We've implemented Open Graph as well for some brands - It appears as a user action on a brand, instead of the brand directly reaching out. That's an implicit recommendation from a friend - Much more powerful than a branch explicitly recommending themselves.
No, it's not. "Bob just watched a video on Socialcam" is an ad. I can distinguish it from content just fine.
So it's not the best ad.
(I don't yet have a more broad and vivid name, but it should evoke the idea that this is a battle to enclose/own/monopolize parts of people's attention/mind/voice, subtly enough they don't recoil away.)
I think the 'single column newsfeed' will soon be recognized, despite its usefulness, as a somewhat abusive interface pattern. It artificially heightens the sense of novelty by mixing very unlike (and often repetitive) items. It artificially heightens the sense of urgency with the rapid decay of position down the page. Such 'cognitive sweeteners' bring more attention and excitement in the present but ultimately aren't good for the audience: they're noise rather than signal. Eventually countervailing habits will develop.
I wonder if that's what's in it for Caldwell's App.net. Facebook and Twitter can't let users break out of their false-prioritized presentation, without breaking their promotional business models. So anything which better ranks, summarizes, and filters items for a user's attention is a potential threat. Not so on App.net: there you might pay for a less-abusive interface (advanced, non-sugary reading software).
Charge corporate customers all you want but if I ever pay as a user, I'm out. Make current free features paid? I'm out.

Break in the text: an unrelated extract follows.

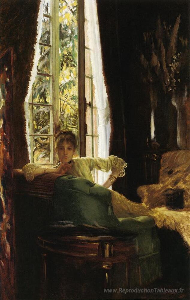 Nous vous proposons une reproduction artisanale sur toile du célèbre tableau 'Femme à l'intérieur' de James Tissot, provenant du Musée de la Reproduction.

Roll out new features and charge for them? That's fine.
M. Zuckerberg seems like a smart guy who is passionate about the product - product guys aren't usually asswipes. Really interested in seeing where this goes. Also, far as I know, there are no proven models for monitizing human interaction in real lide, let alone in the virtual world. Traditionally, we've focused on charging for experience, not interaction.
From the article:
The best ad is indistinguishable from contentWe can expect to see Facebook deemphasizing traditional advertising units in favor of promoted news stories in your stream. The reason is that the very best advertising is content. Blurring the lines between advertising and content is one of the most ambitious goals a marketer could have.
Bringing earnings expectations into this, the key to Facebook 'fixing' their mobile advertising problem is not to create a new ad-unit that performs better on mobile. Rather, it is for them to sell the placement of stories in the omnipresent single column newsfeed. If they are able to nail end-to-end promoted stories system, then their current monetization issues on mobile disappear.
I still hope it's rather their users who will disappear.